Siné Magassouba, ancien secrétaire général chargé des collectivités décentralisées de Siguiri

Après sa mutation à Faranah, Siné Magassouba, ancien secrétaire général chargé des collectivités décentralisées de Siguiri, fait de graves révélations sur la gestion de la préfecture. Il dénonce des détournements de deniers publics et l’attribution des marchés de gré à gré auxquels se livrent les responsables de la préfecture de Siguiri. Selon l’administrateur, c’est parce qu’il a voulu s’opposer justement à ces pratiques qu’il y a des manœuvres ayant abouti à le faire partir de Siguiri.

« Tout mon problème aujourd’hui à Siguiri, c’est parce que je m’oppose au détournement des deniers publics. Vous allez le comprendre après mon départ. En ce qui concerne le FODEL par exemple, les marchés ont été donnés de gré à gré. Il y a des responsables qui ont 3 marchés, d’autres 5 et leurs copines en ont 2. Quand j’ai parlé de ça, on me fait la guerre », a dit l’ancien secrétaire général chargé des collectivités décentralisées de Siguiri, muté dans les mêmes fonctions à Faranah.

Siné Magassouba s’est expliqué également sur les raisons de son absence à la cérémonie de passation de service entre lui et son successeur, Mohamed Oularé. Il explique que sa présence n’était plus nécessaire puisque le préfet lui avait déjà retiré les clés du bureau et le cachet. « Avant-hier, le préfet a envoyé quelqu’un chez moi pour récupérer la clé du bureau et le cachet que j’avais. J’ai dit à l’intéressé d’aller dire au préfet que je refuse et que je suis en train de me préparer pour la passation de service.

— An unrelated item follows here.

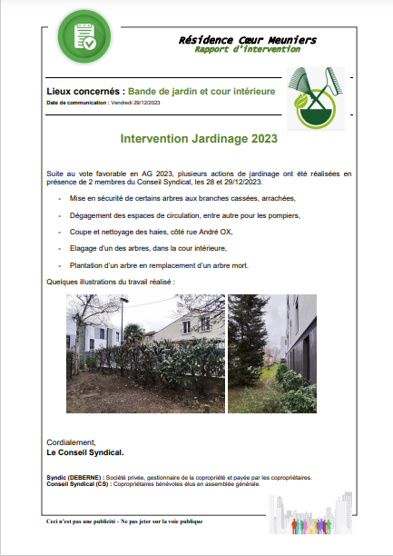 Suite au vote de la dernière AG vous pourrez trouver sur l'image ci-contre les détails de la prestation effectuée dans la résidence.

Quelques minutes après, c’est le contrôleur financier qui est venu me voir de la part du préfet en me disant de lui remettre la clé et le cachet, mais j’ai refusé. Ensuite, le directeur des ressources humaines est venu. Ils m’ont fait savoir que lors de l’installation du secrétaire général chargé des affaires administratives, ils ont récupéré la clé du bureau et le cachet avant l’installation. J’ai répondu que les réalités ne sont pas les mêmes.

Parce que le secrétaire général chargé des affaires administratives sortant est mort alors que moi, je suis vivant. Maintenant, c’est le préfet qui m’appelle au téléphone, j’ai refusé de décrocher son appel. Finalement, j’ai pris la clé et le cachet pour aller les déposer à son bureau. Donc, il n’était pas nécessaire pour moi d’aller à la passation de service », s’est-il justifié.